Sequences and further details about plasmids used in this study can be found in Supplementary Data 3.

pUC19_rbcL

The rubisco mutant library was assembled in a standard pUC19 vector. This plasmid was used as a PCR template for each of the 11 sub-library ligation destination sites.

NP-11-64-1

Selections were conducted using a plasmid designed for this study with a p15 origin, chloramphenicol resistance, LacI controlling rubisco expression, TetR controlling PRK expression and a barcode.

NP-11-63

Protein overexpression in BL21(DE3) cells was conducted using pET28 with a SUMO domain upstream of the expressed gene6. pSF1389 is the plasmid that expresses the necessary SUMOlase, bdSENP1, from Brachypodium distachyon.

Primers

All primers were purchased from IDT and the oligonucleotide pool was purchased from Twist Bioscience. For sequences, see Supplementary Data 3.
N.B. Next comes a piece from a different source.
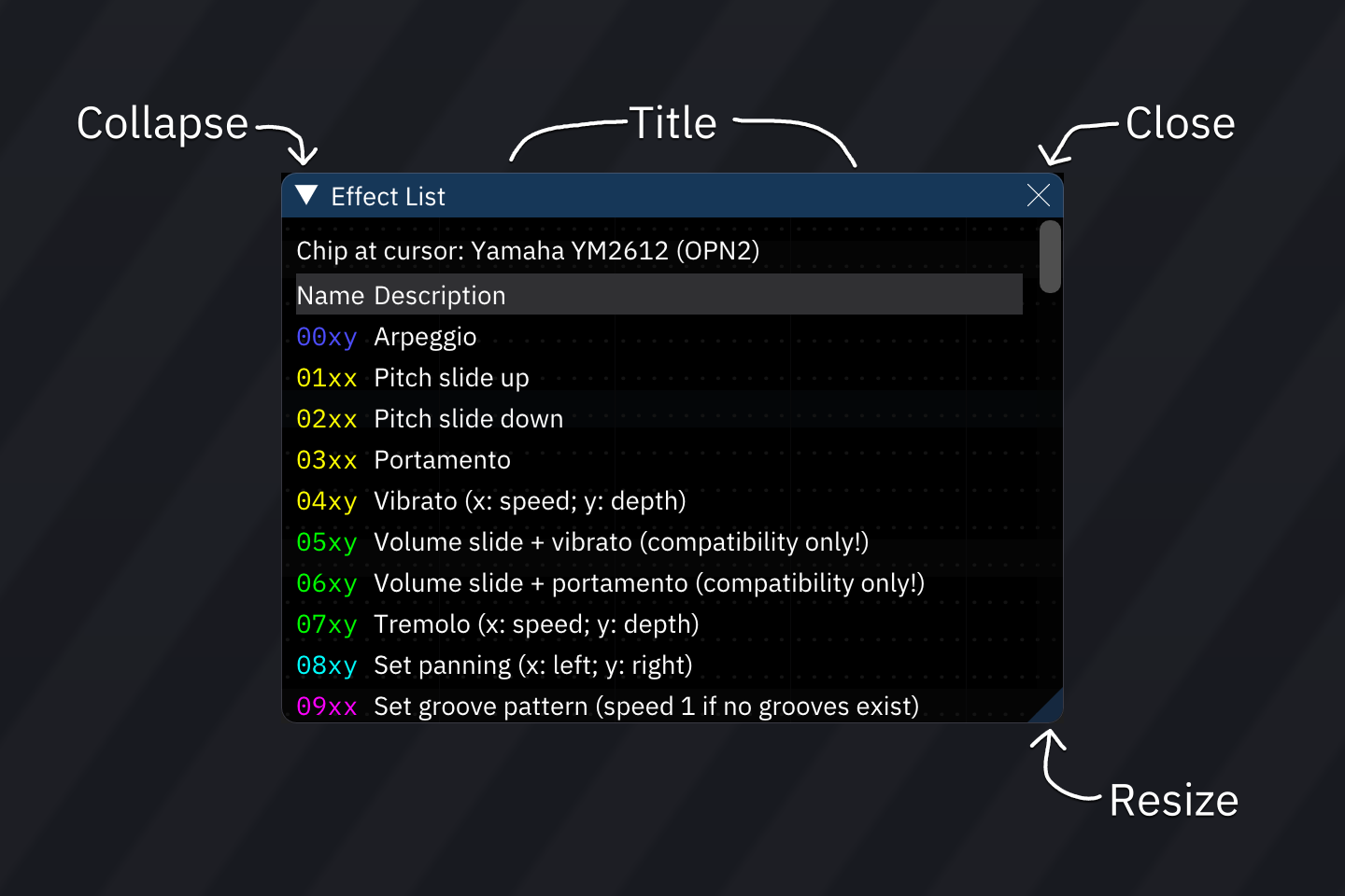 when a window is docked, its title bar turns into a tab bar, and the function provided by the "collapse" triangle at the top left changes.

Library design and construction

The R.rubrum rubisco sequence was codon-optimized for E.coli and mutated systematically by means of the scheme outlined in Extended Data Fig. 3. The rubisco gene was split into 11 pieces. For each of those pieces (around 200 base pairs (bp) each) all point mutants were designed and synthesized as oligonucleotide pools. Eleven oligo sub-library pools, containing all single mutants within their respective region of around 200 bp, were purchased from Twist Bioscience and each sub-library was amplified individually using Kapa Hifi polymerase with a cycle number of 15. Each rubisco gene fragment was inserted into a corresponding linearized pUC19 destination vector, containing the remainder of the rubisco sequence flanking the insert, through golden gate assembly. This assembly generated 11 sub-libraries of the full-length R.rubrum rubisco gene, with each sub-library containing a region of approximately 200 bp including all single mutants. Each of these 11 rubisco libraries were transformed separately into E.coli TOP10 cells and, in each case, more than 10,000 transformants were scraped from agar plates to ensure oversampling of the roughly 1,000 variants in each sub-library. Plasmids were purified from each sub-library and mixed together at equal molar ratios to generate the full protein sequence library.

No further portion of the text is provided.